Fact News Service
Chandigarh, December 24: The Centre’s decision to adopt Punjab Chief Minister Bhagwant Mann’s Assembly segment Dhuri under the Aspirational Blocks Programme has added a new political layer to the already fraught Centre–State relationship in Punjab. The move comes close on the heels of Mann’s sharp criticism of the BJP-led Union government for replacing the Mahatma Gandhi National Rural Employment Guarantee Act (MGNREGA) with the Viksit Bharat–Guarantee for Rozgar and Ajeevika Mission (Gramin), or G RAM G Act, which the Chief Minister has termed “anti-poor”.
Officially, the Department for Promotion of Industry and Internal Trade (DPIIT), under the Union Ministry of Commerce and Industry, maintains that the adoption of Dhuri is purely administrative and developmental. DPIIT Director Sumeet Jarangal, while chairing a high-level review meeting in Sangrur, stressed that the Aspirational Blocks Programme aims to integrate underdeveloped regions into the national mainstream by improving delivery of people-centric public services. Education, health, nutrition, employment, agriculture, drinking water, sanitation and digital services were highlighted as priority sectors, with clear instructions for measurable outcomes and strict monitoring.
Yet, politically, the symbolism of the Centre stepping into the Chief Minister’s own constituency cannot be ignored.
Bhagwant Mann represents Dhuri, a seat that has become synonymous with the Aam Aadmi Party’s (AAP) rise in Punjab. By focusing administrative attention on this block, the BJP appears keen to send a message: that development, resources and governance flow from the Centre, irrespective of political differences. For a party that has largely remained on the margins of Punjab’s electoral politics, such targeted interventions may be an attempt to build credibility on governance rather than ideology.
The BJP has long struggled to carve out an independent political space in Punjab, a state where regional parties and the Congress have dominated. Since the farmers’ agitation and the breakdown of its alliance with the Shiromani Akali Dal, the party’s footprint has further shrunk. In this context, development-driven outreach—especially in high-visibility constituencies like Dhuri—could be seen as a strategy to slowly rebuild relevance.
However, whether this approach will translate into political gains remains uncertain.

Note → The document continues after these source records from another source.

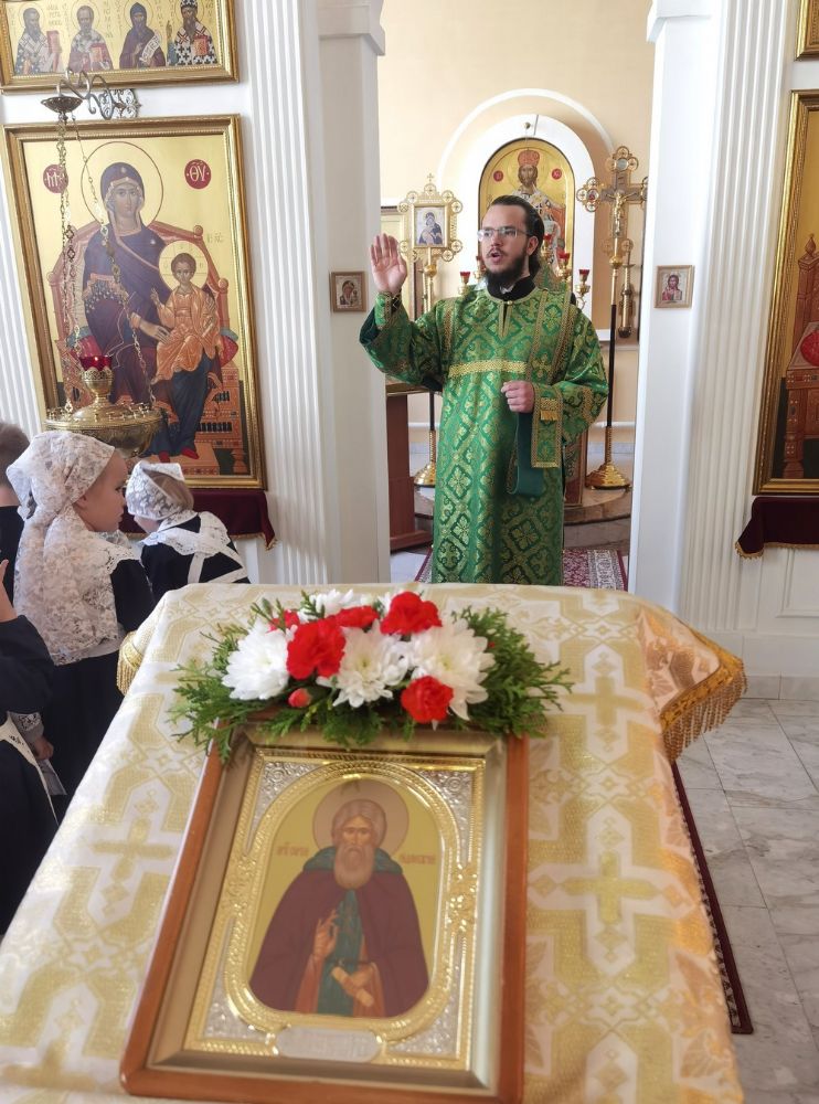 Обращаясь с пастырским словом к собравшимся, отец Евгений рассказал о житии и трудах преподобного Сергия Радонежского, о его заступничестве за Святую Русь. Батюшка пожелал ребятам быть достойными имени преподобного и не забывать почаще обращаться к нему в молитвах – и он обязательно поможет успешно постигать даже самые сложные науки.
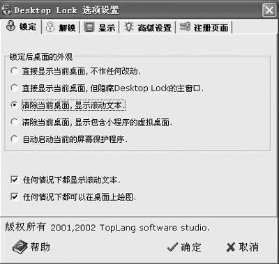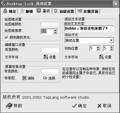 在“锁定”选项卡中,你可以设定五种锁定后的桌面效果(图1),如“清除当前桌面,显示滚动文本”等,并可在“显示”选项卡中定制它们的细节,如滚动文本的具体内容、滚动的方式、文本的初始位置、文本的字体样式和大小以及锁屏后的屏幕背景图(图2),这里也是你显示个性的地方,想怎么设置,就看你的喜好了。
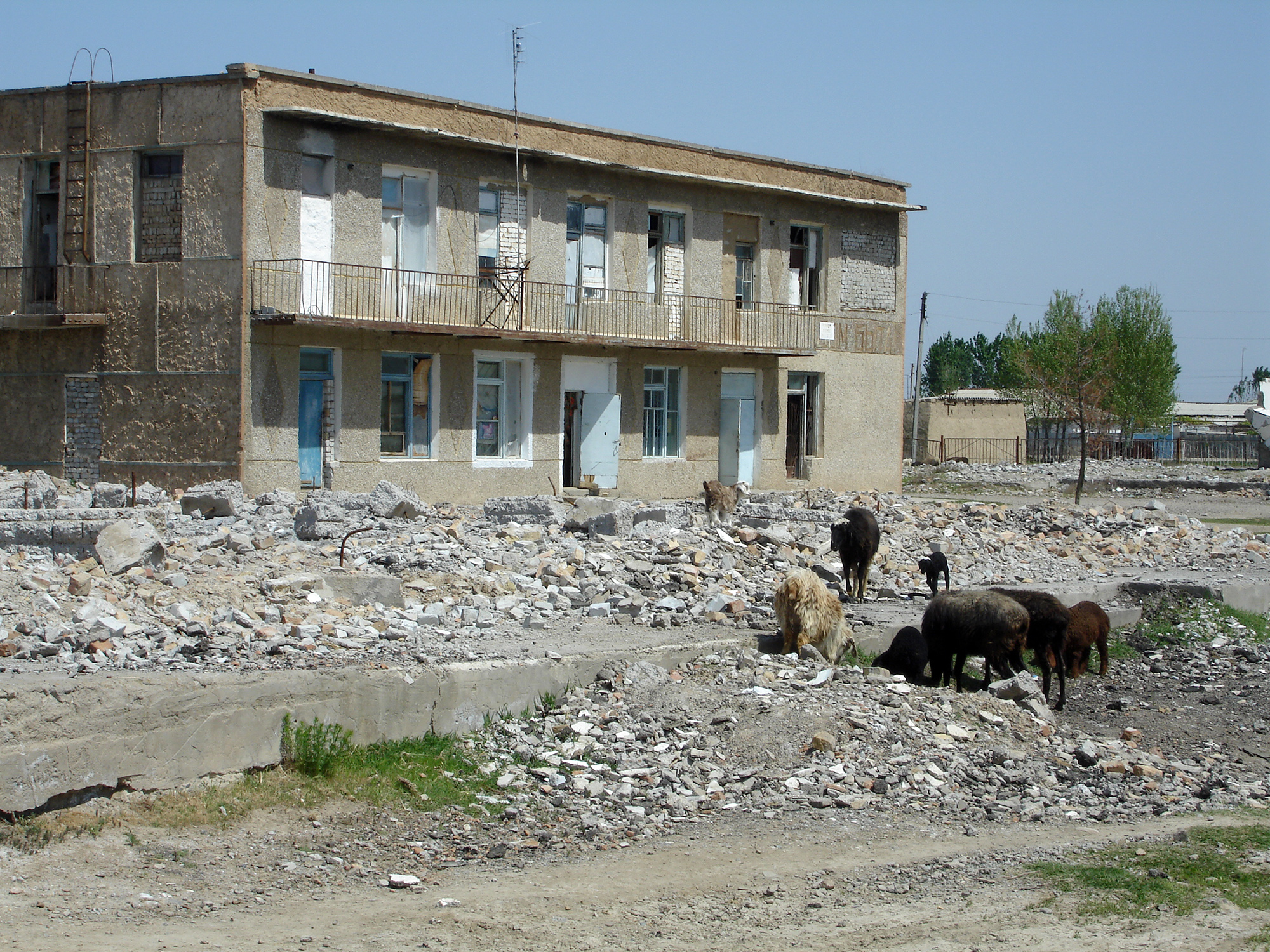 Центр поселка таков. Ряды пеньков, образующих правильный квадрат - лет десять назад здесь росли деревья. В центре квадрата - одинокая будка туалета. И куда ни кинешь взгляд – разобранные дома, магазины, груды обломков, развалины. Поселок по камешку разбирается на стройматериалы. Он перестает быть прямо на глазах. Дома и здания превращаются в руины так быстро, что кажется будто здесь промчались орды Чингизхана.
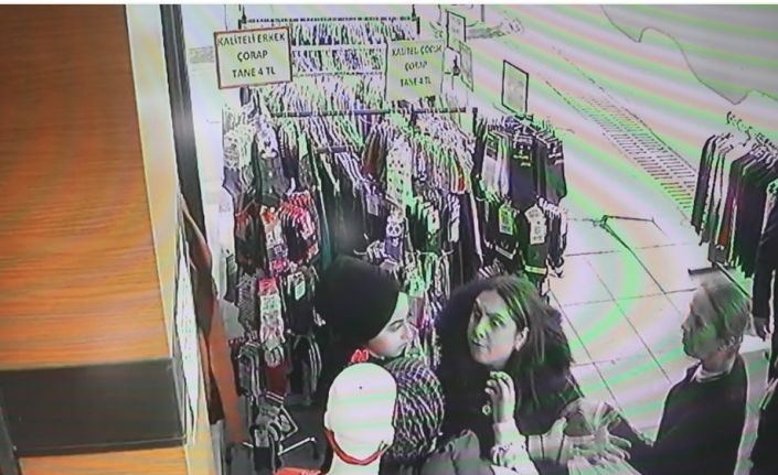 Görüntülerde, mağazanın önündeki askıda sergilenen ürünlere bakan kadının, beğendiği bir eşofman altını çantasına koyduğu, daha sonra mağazaya girerek etrafa bakıp yeniden dışarı çıktığı, daha sonra beğendiği bir eşofman altını daha çantasına alıp uzaklaştığı görülüyor.
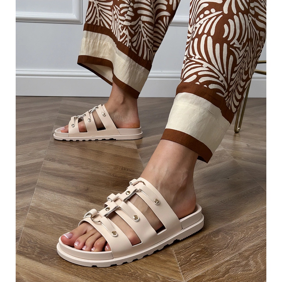 Flip -flops -urile au un călcâi plat cu o înălțime de 3 cm, ceea ce le face perfecte pentru mersul lung și ieșirile zilnice. Nuanța bej este extrem de versatilă, datorită căreia le puteți potrivi cu ușurință cu diverse stiluri - atât cu rochii aerisite, cât și cu pantaloni clasici. Rinonele care decorează partea superioară le oferă originalitatea și caracterul modern, atrăgându -și ochii și adăugând expresivitate ținutelor tale.
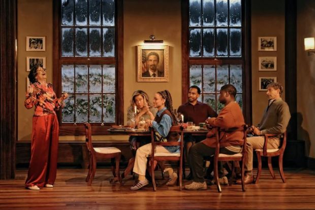 We’re in the rich mahogany home of Father Solomon Jasper (Marcus Hamilton), beautifully detailed by designer Jeremy Allen, as snow falls beyond the windows. From the wall Martin Luther King gazes down at his old friend, as Jasper sits, retired now and obsessed with beekeeping. Hamilton excels as Father Jasper, his restless reaching to be back in God’s light, as he bemoans his past moral failings and sexual betrayal – and tonight, the even heavier disappointments of his two hopeless sons.
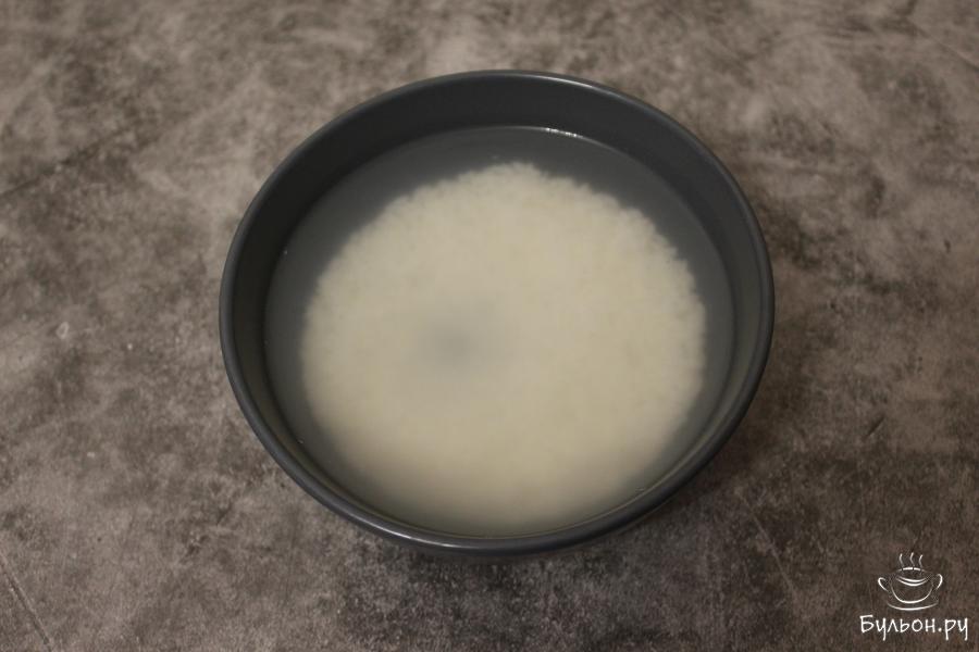 1. Рис залейте кипятком и дайте воде полностью остыть, после чего рис откиньте на дуршлаг и промойте под водой.

For one, Bhagwant Mann has already framed the Centre’s broader rural employment reforms as anti-poor, a narrative likely to resonate in agrarian Punjab. Any Central initiative in Dhuri will be closely scrutinised by the state government and AAP cadre, who may portray it as politically motivated rather than welfare-oriented. Mann’s emphasis on Punjab’s autonomy and his frequent confrontations with the Centre have helped consolidate his support base, particularly among voters wary of perceived Central overreach.
Moreover, voters in Punjab have historically differentiated between development delivery and electoral loyalty. Central schemes implemented under previous governments have not necessarily resulted in sustained support for the BJP at the ballot box. The party’s limited grassroots organisation in rural Punjab also constrains its ability to convert administrative visibility into political mobilisation.
That said, the Aspirational Blocks Programme does offer the BJP an opportunity to demonstrate effective governance. If tangible improvements in infrastructure, health services or employment generation become visible on the ground in Dhuri, it could blunt some of AAP’s criticism and complicate the Chief Minister’s narrative of Centre–state hostility.
In the short term, the move sharpens political optics rather than altering equations. In the long run, whether Dhuri becomes a showcase of cooperative development or a flashpoint of political one-upmanship will determine if the BJP’s targeted focus pays off in a state where political trust is earned slowly and lost quickly.